I wouldn’t trade it for the world — my wife and I were just talking this evening about how fulfilling life feels — finally we are tangibly walking out the dream God placed in our hearts many years ago. Anyways, all this introduction is important and leads me to what I want to discuss right now: the importance of contact. I’m finding a couple of things to be true as we start this journey of living as missionaries, reliant on the support of others: (a) contact is a necessity when living as any form of community and (b) as people build into my family through prayer, encouragement and/or finances, I want to be able to build into theirs as well.
Backing up, it may be useful to start with some meaningful definitions of that word, contact. Their are two that immediately jump to mind: to be in some sort of close relationship with, perhaps better visualized by touching analogies (ie, a spark flew when my hand contacted the door) and an entity that you communicate with, in some form or fashion (ie, my contact database has about 200 people and 5 organizations). The first definition necessitates some form of close relationship whilst the second demands almost no relationship, as in I could (and do) have contacts I’ve never actually met or know on any real level.

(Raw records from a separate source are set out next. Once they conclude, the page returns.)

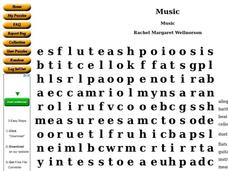 In this music worksheet, students locate 54 words having to do with music. Terms include names of instruments as well as music vocabulary.
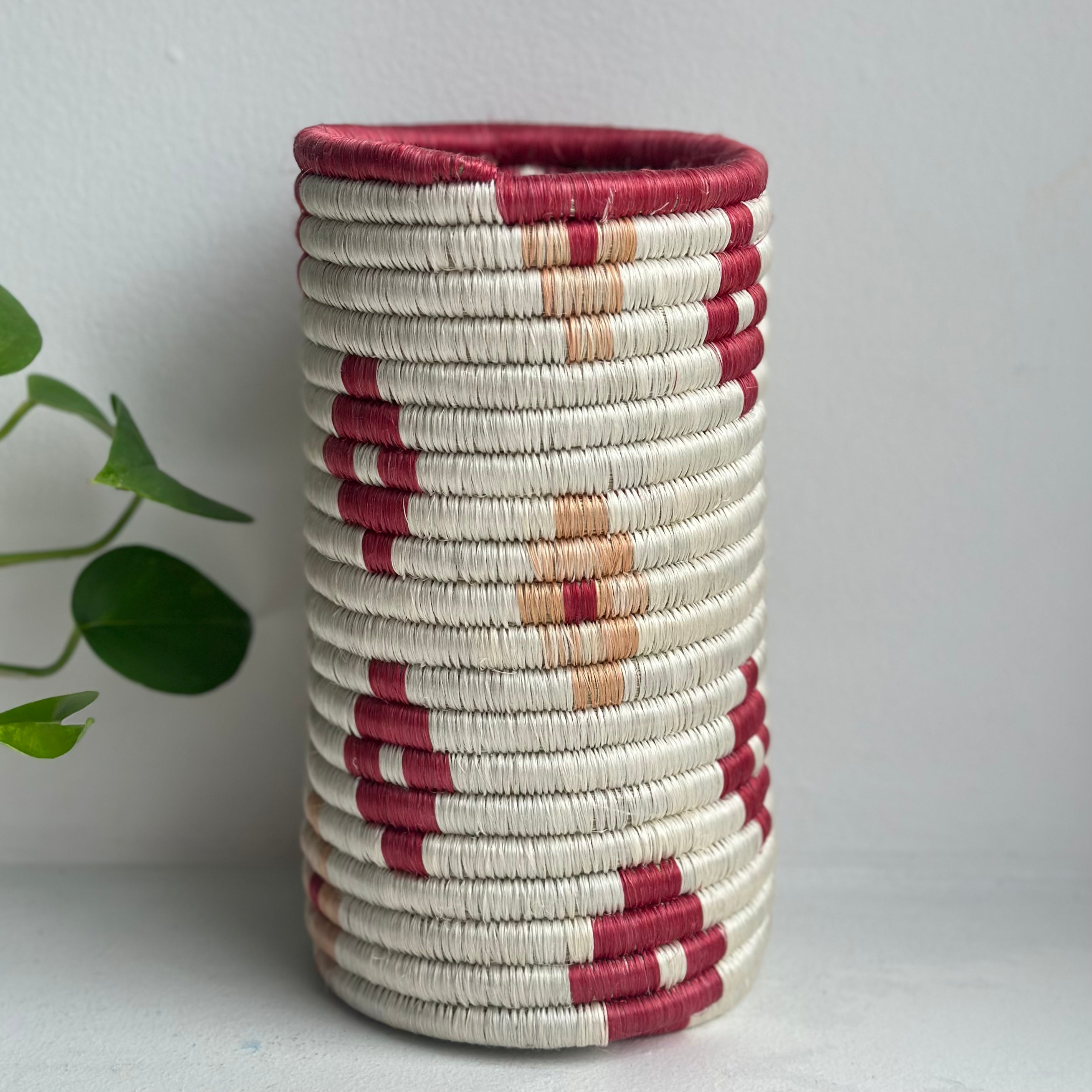 Beautiful woven vases made from sisal and grass! Adds a functional pop of color in your kitchen, or hang on your wall as an accent piece for any room!
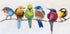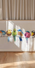 Ein verspieltes und malerisches Kunstwerk von sechs bunten Vögeln, die zusammen auf einem Ast sitzen. Jeder Vogel ist einzigartig mit kräftigen blauen, grünen, gelben, roten und braunen Strichen bemalt, wodurch eine lebendige und ausdrucksstarke Komposition entsteht. Perfekt, um jeder Wand Charme und Kreativität zu verleihen.
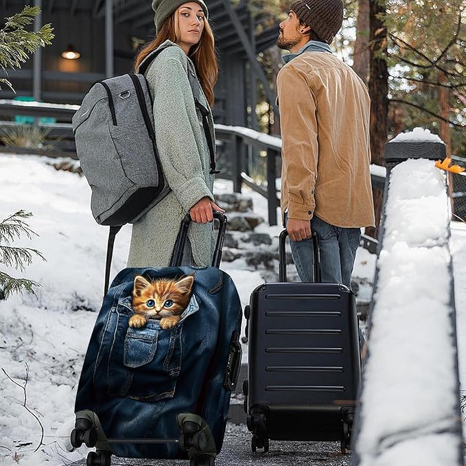- Adorable Cat Design: This cute kitten luggage cover features a playful orange tabby peeking out of a realistic denim pocket—perfect for cat lovers and travelers who want a fun, standout look.

I’ll readily admit that I have many folks in our contact database that fit this second definition to a T. There are names that I don’t recognize and people I haven’t met. As I sat pondering this some time back I decided that this needed to change. It’s been something growing within me — a recognition that a community based on anonymity and a lack of real contact (definition one again!) isn’t really community at all. And a community is what my wife and I want surrounding us. We don’t believe this thing called life was meant to be walked out alone. We want to be able to build into others as they build into us. It likely won’t take the same form — we are certainly limited in the ways we can financially give, for example — but we can still pray and encourage and visit and live transparent lives that hopefully sharpen as we ourselves are being sharpened.
To that end be mindful that if you receive our monthly email updates, give financially, pray for us or feel a part of the community surrounding my family in any other way then we want to know you. If you have prayer requests, we want to be praying for them. If you need to be encouraged, we hope we can fill that role in some way. If you just need a friend, well, we gladly offer our friendship. It may not always look normal because we live so far away, but that doesn’t mean it’s not good or needed (on both party’s parts!).
We are currently going through our contact database and beginning to email people to hopefully begin breaking barriers and truly learning about one another. And I’m excited about the friendships that are already there and those that very well could be soon.